Recorded information:

######

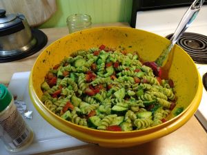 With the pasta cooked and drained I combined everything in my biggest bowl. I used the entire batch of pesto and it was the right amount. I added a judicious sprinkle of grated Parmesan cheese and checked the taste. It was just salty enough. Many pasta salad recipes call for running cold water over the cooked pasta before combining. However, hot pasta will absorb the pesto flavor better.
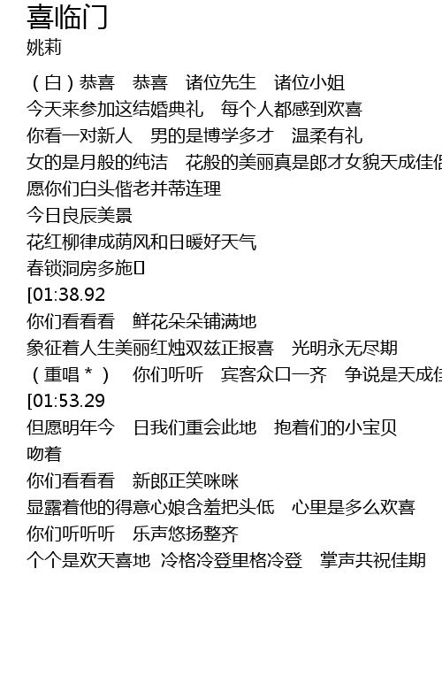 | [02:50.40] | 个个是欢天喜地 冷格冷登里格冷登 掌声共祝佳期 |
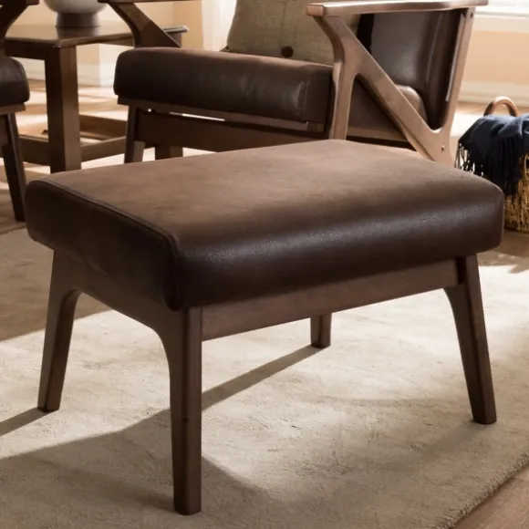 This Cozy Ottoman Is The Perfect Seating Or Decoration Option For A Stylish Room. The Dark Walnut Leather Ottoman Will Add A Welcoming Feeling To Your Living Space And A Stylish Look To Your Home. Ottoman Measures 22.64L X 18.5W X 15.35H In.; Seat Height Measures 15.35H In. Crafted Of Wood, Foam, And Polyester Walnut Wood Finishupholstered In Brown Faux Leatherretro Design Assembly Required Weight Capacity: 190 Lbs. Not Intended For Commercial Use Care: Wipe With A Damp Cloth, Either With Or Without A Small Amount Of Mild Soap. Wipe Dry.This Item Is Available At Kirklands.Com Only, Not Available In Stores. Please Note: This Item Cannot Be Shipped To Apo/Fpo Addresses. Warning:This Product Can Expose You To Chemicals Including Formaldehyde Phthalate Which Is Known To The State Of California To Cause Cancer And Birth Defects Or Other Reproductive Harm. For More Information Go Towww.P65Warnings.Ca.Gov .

######

Reproduce exactly the lines from the beginning of the material down to the line containing "冷格冷登里格冷登 掌声共祝佳期 |", both ends included, but not the pictures or anything after.

Solution for this task:
 With the pasta cooked and drained I combined everything in my biggest bowl. I used the entire batch of pesto and it was the right amount. I added a judicious sprinkle of grated Parmesan cheese and checked the taste. It was just salty enough. Many pasta salad recipes call for running cold water over the cooked pasta before combining. However, hot pasta will absorb the pesto flavor better.
 | [02:50.40] | 个个是欢天喜地 冷格冷登里格冷登 掌声共祝佳期 |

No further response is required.